Enforgate is in the path of sensitive actions, so it's built to hold as little sensitive data as possible and to fail safe. These rules are non-negotiable in the codebase.

Arguments are never stored in the clear

Tool-call arguments often contain the sensitive part of an action — a recipient, a query, a dollar amount. Enforgate never persists or logs raw arguments. Policy conditions evaluate them in memory; what goes to the database is a sha256 hash of the canonicalized arguments. The audit log can prove that two calls had the same arguments without ever revealing them.

API keys are stored hashed

A raw API key is shown once, at creation. The database keeps only a sha256 hash and a short display prefix (so you can recognise a key in a list). A leaked database can't be used to authenticate, and Enforgate itself can never display your key again.

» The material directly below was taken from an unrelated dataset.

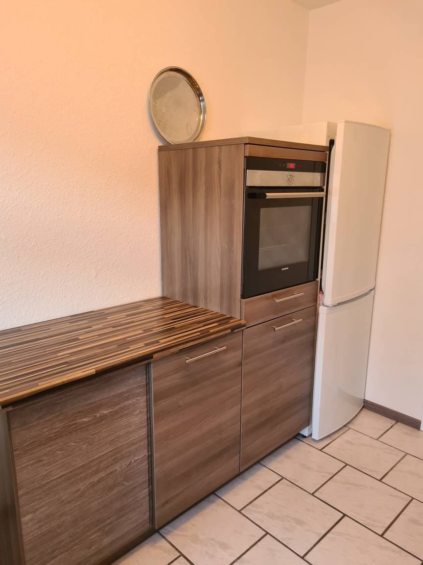 Die Küche ist mit einer Einbauküche ausgestattet. Ein Herd mit Dunstabzugshaube, eine Spülmaschine, eine Mirkowelle und ein Kühlschrank mit drei Gefrierschubladen gehören zur Ausstattung.

Stored secrets are encrypted

When you configure your own SMTP server for approval emails, the SMTP password is encrypted with AES-256-GCMbefore it's stored — the plaintext never touches the database. The encryption key is derived from a server-side secret (SMTP_SECRET_KEY), and the password is write-only in the dashboard: you can replace it, but it's never read back to the UI or any API response.

Fail closed

Every ambiguous situation resolves to “deny,” not “allow”:

  • No rule matches and no default is set → the engine denies.
  • A rule's regex is invalid → it doesn't match (and default-deny backstops it).
  • The audit write fails → /v1/check returns an error and no verdict.
  • An approval times out, or the approval infrastructure is unreachable → the held call is denied.

What is recorded

The audit log keeps, per call:

  • the server and tool name,
  • the arguments hash (not the values),
  • the verdict, the matching policy/rule, and the reason,
  • the status (completed, blocked, error, or pending) and latency,
  • and, for approvals, who resolved it and when.

Account data & retention

Account records hold your email, name, and OAuth provider identifiers (or a bcrypt password hash for email/password accounts). Audit and usage records are retained while your account is active so the dashboard's feed, overview, and usage views work. For specifics on collection, retention, and deletion, see the privacy policy.